L'idée de vieillesse n'est pas retenue du côté de Glatigny et Rops, ni du côté de Rimbaud. En revanche, ce dernier insiste sur le fait que ce faune se donne à voir "montre ses grands yeux" ou "montre ses deux yeux" selon les versions, et aussi sur les "dents", mais bien "blanches".

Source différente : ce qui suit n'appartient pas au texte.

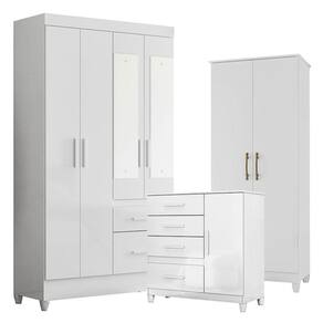 Guarda Roupa com Espelho Infantil Sobral com Cômoda Vênus com pés e Multiuso Jade Branco Brilho Moval

Dans son article, Murphy ne cite pas la référence du titre à un motif artistique connu depuis Michel-Ange, ni la comédie Le Bois de Glatigny qui continuait donc alors de passer sous les radars comme on dit familièrement. Puis, ce lien au recueil publié sous le manteau entraînait le critique rimbaldien à s'éloigner des enjeux de sens du poème pour privilégier l'arrière-plan licencieux et la référence amusée au recueil paru sous le manteau. Ainsi, Murphy spécule sur l'idée que les "vignettes" et "fleurons" de l'édition originale expliqueraient les mentions "lies" (l'expression figure plutôt dans "Antique", que "Tête de faune") et "fleurs splendides", "sans oublier la végétation qui orne la plupart des fleurons du début du volume de 1870", puisque Murphy a confronté deux états distincts du recueil publié sous le manteau, une version de 1866 et une autre supposée de 1870. Toutefois, on voit que le critique lâche la proie pour l'ombre, comme si les rapprochements avec les illustrations suffisaient à commenter le poème. Dans ses conclusions, Murphy considère que le poème "Tête de faune" célèbre l'audace érotique du recueil de 1866 et qu'il exhibe par ailleurs les trois types de décasyllabe dans un mélange improbable. Nous ne souscrivons à aucune de ces deux conclusions.
Murphy est obnubilé par la référence aux Joyeusetés, il passe complètement à côté des renvois à Banville et surtout complètement à côté de la comédie Le Bois qu'il ne songe même pas à citer, consulter, fût-ce pour au moins interroger la signification de ce bois ! Pour lui, c'est le recueil de 1866 qui a déterminé la composition du poème : "Ouvrant et fermant le recueil, ces dessins ont dû jouer un rôle déclencheur dans la composition du poème, s'appuyant sur l'association entre ces têtes de faune et l'univers du 'sous-bois'." Pour nous, c'était le fait que Rimbaud réécrive des passages de deux poèmes au même titre "Sous bois" qui devait plus spécifiquement retenir l'attention de l'analyste.